Human beings are hard wired to think more highly of themselves than they probably should. But what's wrong with a little self-delusion? If thinking we're smarter, better looking and more generally wonderful than we really are gets us through the day, what's wrong with that? Why not let people think what they want about themselves and treat them like the superstars they think they are instead of the schlubs they may actually be? (Unless, of course, they're having trouble following rule #1, in which case it can be hard). If I tell you I'm 5'7" and can do 15 pull-ups, why not just accept that at face value, even if it doesn't even pass the laugh test? There's no finite amount of flattery in the world. And a little praise, while no skin off your back, can really make someone's day. So why not spread a little love? In the words of John Belushi in Animal House, "it don't cost nothin."

In Conclusion

If you've made it this far through my self-help tome without vomiting or blowing an infuriated gasket, well thanks for that. I know, easier said than done. And I know that, contrary to my commandments, I can be as much of a dickish, self-important, whining misanthrope as the next guy. But it's good to share. If I turn this posting into a book, sell a million copies, start a cult, buy a tax-deductible not-for-profit corporate jet and fly to Aruba, I'll save you a seat.


Rich said...

I still think DBAD should launch itself via a bumper sticker, mug, and button campaign.
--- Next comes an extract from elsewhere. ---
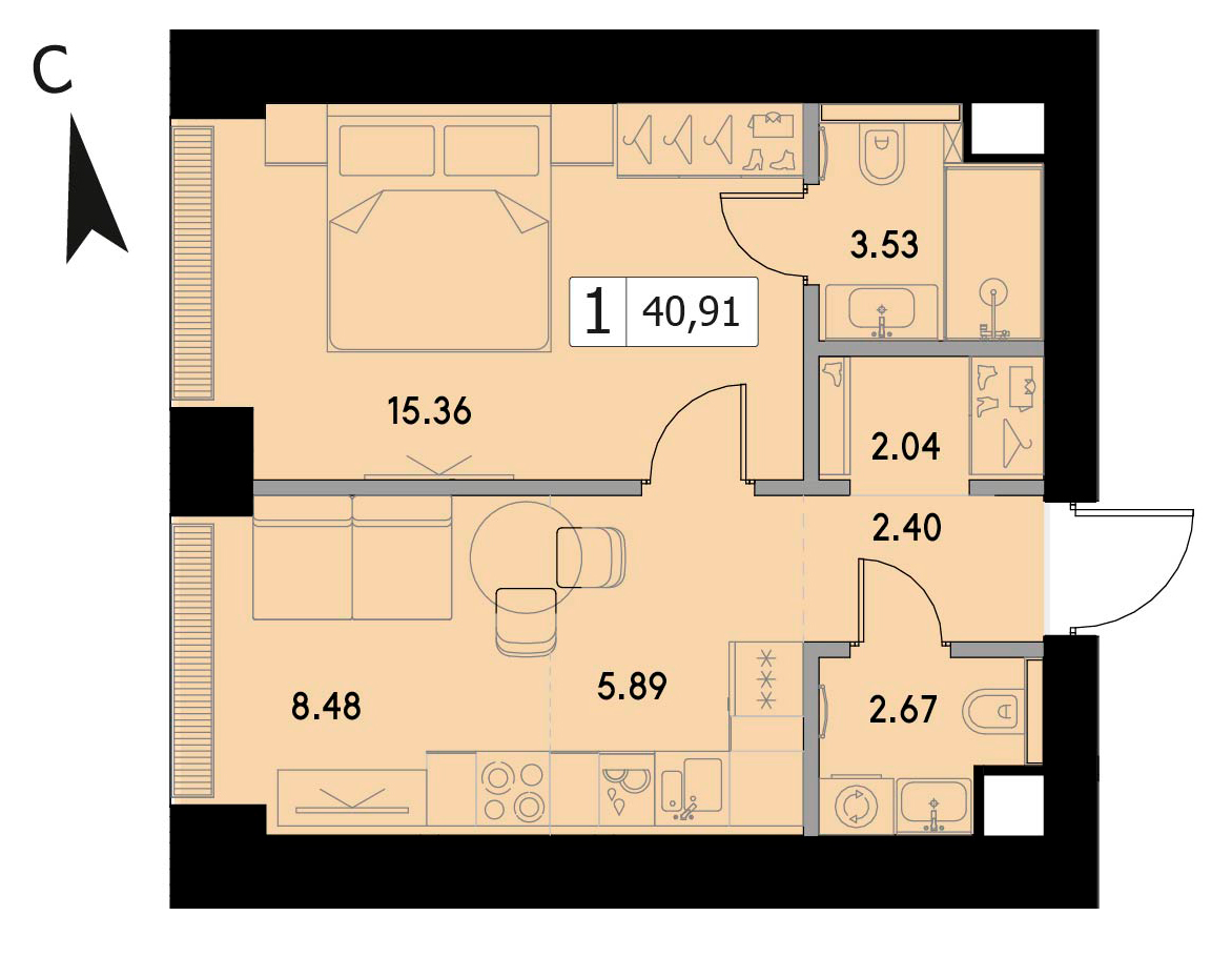 Однокомнатная квартира 44.4 м², 5 этаж, ЖК «ВЕЕР» (VEER)

It really says it all.

NYpolak said...

"That means that when you complain, a dark broom closet is doing a better job at making the world pleasant than you are."

love it.

veryfrank said...

Well said, Bodhisattva, or should I say, Janhisattva.
Amazing how a simple question from Lesley will inspire such brilliance

Anonymous said...

To borrow a phrase from talk radio, my second favorite source of entertaining opinions behind the DanJanifesto, "Long time reader, first time poster". Just needed to say that this post is truly one to live by. It should be printed into pamphlets and handed out in airports and other public places. I'll volunteer!